Another thing to watch out for is circulating currents due to thermal emfs with the aluminium to steel contacts.
Such thermoelectric currents will in turn generate a magnetic field.



Bruce

Bob Camp wrote:
Hi

The big hitters for heat outside the physics package seem to be the RF excitation and the 
microwave generation "stuff". The regulators will warm things up if you run 
high voltage into them, but I would probably not do that.

I don't believe that putting multiple swimming pools into the basement, mercury filled or 
otherwise was ever a real candidate for a solution. It is kind of interesting to see just 
how big the "jug of water" would have to be.

Right now my leading candidate is a multi layer aluminum / steel enclosure with a "point short" 
between each of the layers to keep the heat rise under control. Cool the "baseplate" with 
recirculating water and a cheap (<  $50) pump. Throw in a fan and radiator to cool the water to room 
temperature.  Servo the temperature with "what ever" at the point shorts. Monitor the temperature as 
best you can.

The main "what ever" still in there are TE coolers. A quick look suggests that 
+12 heats and -12 cools. In between the two it's not clear that much happens (maybe it 
does ...). Even if it does not, I haven't dug deep enough to see if something like 
current drive takes care of the dead band issue.

Some math. It's late, but I think this is about right:

1) 4 layers
2) Shorts at 2 C/W
3) 10 W "inside"
4)  80 C heat rise - not going to work

If I stick with 4 layers, 10 W, and a 15 C rise then the shorts need to be ~ 
0.38 C/W.  A 15C rise gets me to 40C which looks reasonable based on the app 
notes I have read on the rubidiums.

If the basement moves up 5 C then I'm cold pumping 1/3 of the 10W. Same thing 
in reverse if the basement drops 5 C. Both are unlikely to happen as long as 
there isn't a catastrophic failure of the HVAC.
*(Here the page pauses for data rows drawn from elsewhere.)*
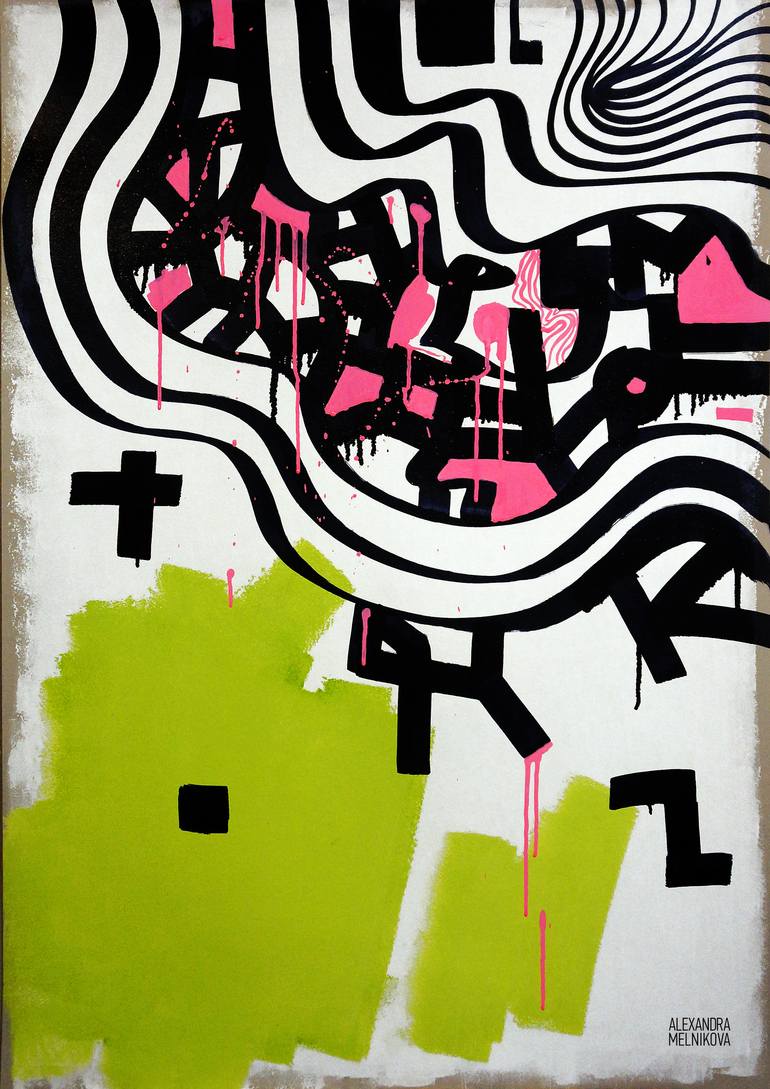 This is a abstract memory «I Love U». About beeting heart when you love some one and lost it forever. Green its about live and health, pink its a feeling inside you, butterflys in a belly. Black graphic its a code, message for friend, who left us and went in better world
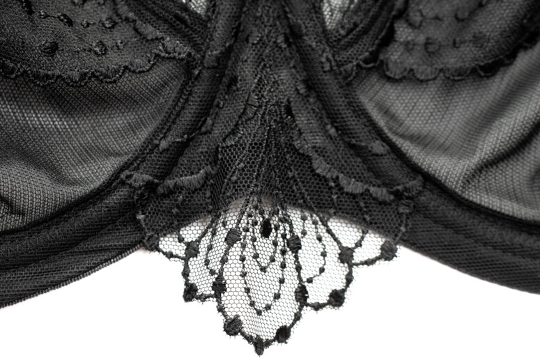 Ogon ów nie jest przytwierdzony do obszywki, lecz dopiero do granicy tuneli fiszbin, dzięki czemu w czasie noszenia po prostu łagodnie się odgina, nie zadziera gwałtownie do góry, oraz łatwo wraca na swoje miejsce. Innymi słowy, leży sobie spokojnie na skórze i zdobi. Haftem ozdobiono też miseczki w górnej, przejrzystej części oraz częściowo w dolnej, zlaminowanej z dwóch warstw.
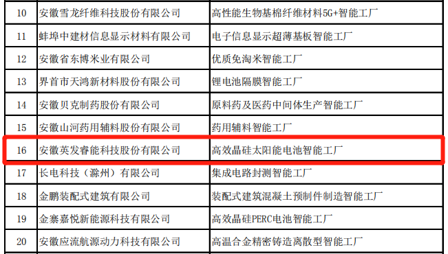 2022年2月22日,安徽省经济和信息化厅发布了《2022年安徽省智能工厂和数字化车间名单公示》,拟评定36个项目为安徽省智能工厂、170个项目为安徽省数字化车间。经公示无异议后,安徽英发睿能科技股份有限公司被评为高效晶硅太阳能电池智能工厂,这也是2022年天长市第一批智能工厂和数字化车间唯一一家通过的企业。

If I go to a air cooled baseplate heat sink, it's thermal resistance is going 
to have to come out of the budget.  My *guess* is that's going to be more 
involved than a simple pump and some plastic tubes.

Bob

On Dec 24, 2009, at 10:46 PM, Hal Murray wrote:

li...@cq.nu said:
The original intent was to simply take an existing "cheap" rubidium
and do simple things to it. Tearing it into pieces and redesigning
parts of it was not anything I originally contemplated. The tight
integration of the physics package to the electronics would make this
a fairly involved process.
Sure, but if we are discussing digging a hole big enough for a ton of
mercury, then taking apart a tightly integrated package seems worth
considering.

I expect the packaging might be reasonable for this purpose.  After all, the
designers probably wanted to keep that heat away from the electronics.



--
These are my opinions, not necessarily my employer's.  I hate spam.